People say, well, meaning isn’t real. It’s the most real thing. This isn’t a metaphysical assumption I’m making. You feel it in your body. It’s not an idea. It’s a place. We’re in time and space. A place is also a time. Your brain is telling you that: you got it right. It’s going to fall apart, because it’s not going to be there all the time. You go see a great movie, if you’re completely engaged in it, there’s no other way to put it, you’re at the right place at the right time. The meaning is the signal of that. The purpose of profound religious contemplation, profound philosophical contemplation, is to learn how to be in the right place at the right time, all the time. Now you can’t. You’re not perfect. But you can be there a lot more, because you can practice it. You watch yourself during the day. You’re, “oh yeah, I was right there, doing this piece of work, or listening to that piece of music. I got that illuminated moment. I need to learn how to be there more often.” There’s this line from The Gospel of Thomas: “The kingdom of God is spread out before the eyes of men, but men do not see it.” That’s kind of what it’s referring to. There are times when you are in the right place, at the right time, and you don’t say (to yourself) I have to figure out how to do this more. You aren’t trained to even notice that. It isn’t something we talk about. You don’t ask what did I do right? There’s something about this that’s right. What do I need to do to do this more? Maybe it’s half an hour a week when you start noticing. With three months of practicing you get up to an hour a day. We don’t know what the upper limit of that is. You know if you’re in a crowd where the music is really kicking in. Now and then you’ll get a band that’s just something else, and it’ll just snap in and it’ll go from good to great. You get this intense feeling that everything is lined up and in the right place. That’s why people go to concerts. It’s like this vision of how life could be. Everything lines up harmoniously. Every level of being harmoniously lined up, like music, like a symphony. That’s what you want to aim at.

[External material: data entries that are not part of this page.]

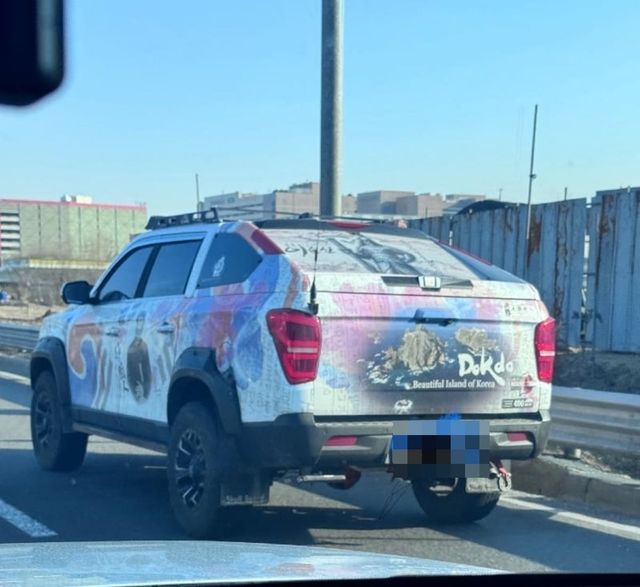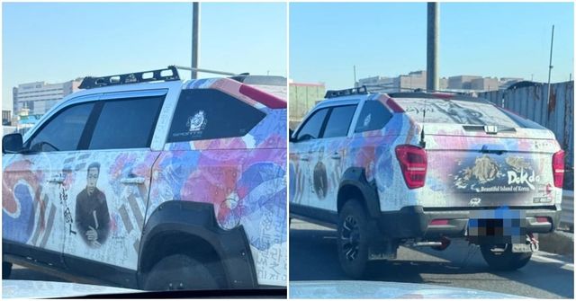 사진에는 태극기와 우리나라를 상징하는 무궁화, 독도, 훈민정음 그리고 안중근 의사와 이순신 장군 등 나라를 빛낸 위인들의 그림이 빼곡히 랩핑 된 차량의 모습이 담겨 있다.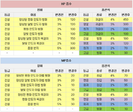 공식 커뮤니티를 뜨겁게 달궜던 직업간 밸런스 및 흡수 옵션에 대한 조정도 함께 업데이트됐다. 특히 MP흡수 옵션의 경우 사냥 필수 옵션으로 불릴 정도로 이용자들에게 사랑받는 효과였지만, 아이템 등급에 비해 월등히 좋은 효과를 보여줘 고정 수치로 변경됐다.
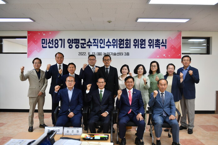민선8기 양평군수직 인수위원회(위원장 황경철)는 지난 13일 10:00에 위원 위촉식 및 현판제막식을 갖고 정식으로 활동을 시작했다.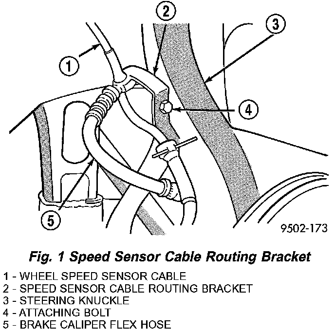 5. If equipped with antilock brakes, remove bolt securing wheel speed sensor cable routing bracket to steering knuckle.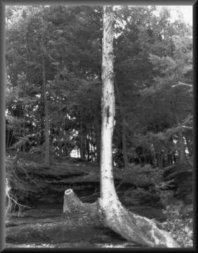 Despite the attempts to cut part of it away, this tree stands all alone in a dark forest.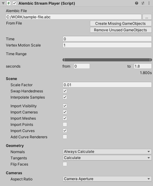 When you are using an imported instance of Alembic asset whose source is located in your Unity project, the properties of its Alembic Stream Player component are the following: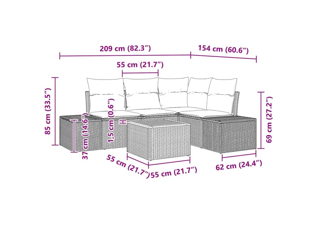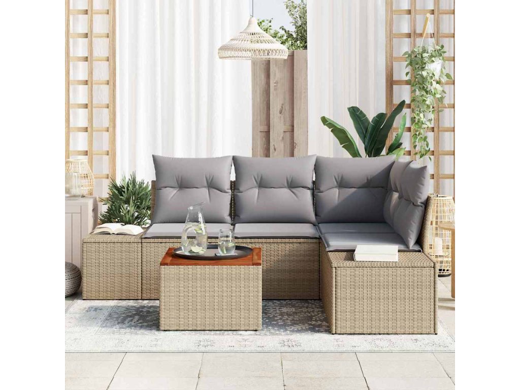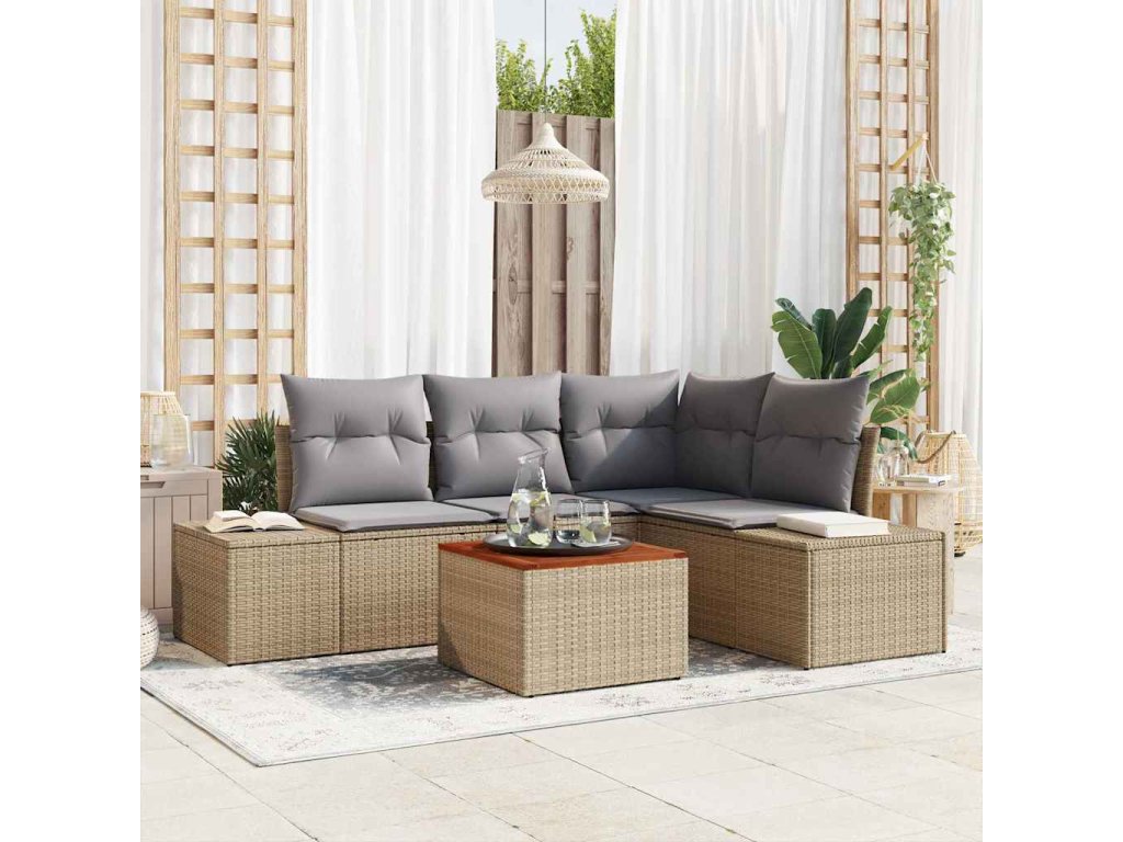 Sada zahradních pohovek s polštářem 5 pcs Béžová polyratan 3347952

If I can take it to basketball. It’s what players mean when you’re in a zone. The ball just keeps going in. You don’t even realize it. Afterward they’ll say that was a seven-minute stretch? Wow.

That’s the Tao. That’s what Taoists talk about. The line between chaos and order. That’s why people watch sports. A lot of it is competition and victory but the serious thing is being in the zone with that player. In Harry Potter in the quidditch game, there’s the ordinary game and there’s the seeker game on top of it where the seekers are going after this golden thing flickering in front of them. If they get that thing they win. And the team wins. She got it exactly right, that little thing is actually an ancient alchemical symbol for the union of chaos and order. It’s called the “round chaos.” It’s unbelievably obscure. I learned it from reading Jung.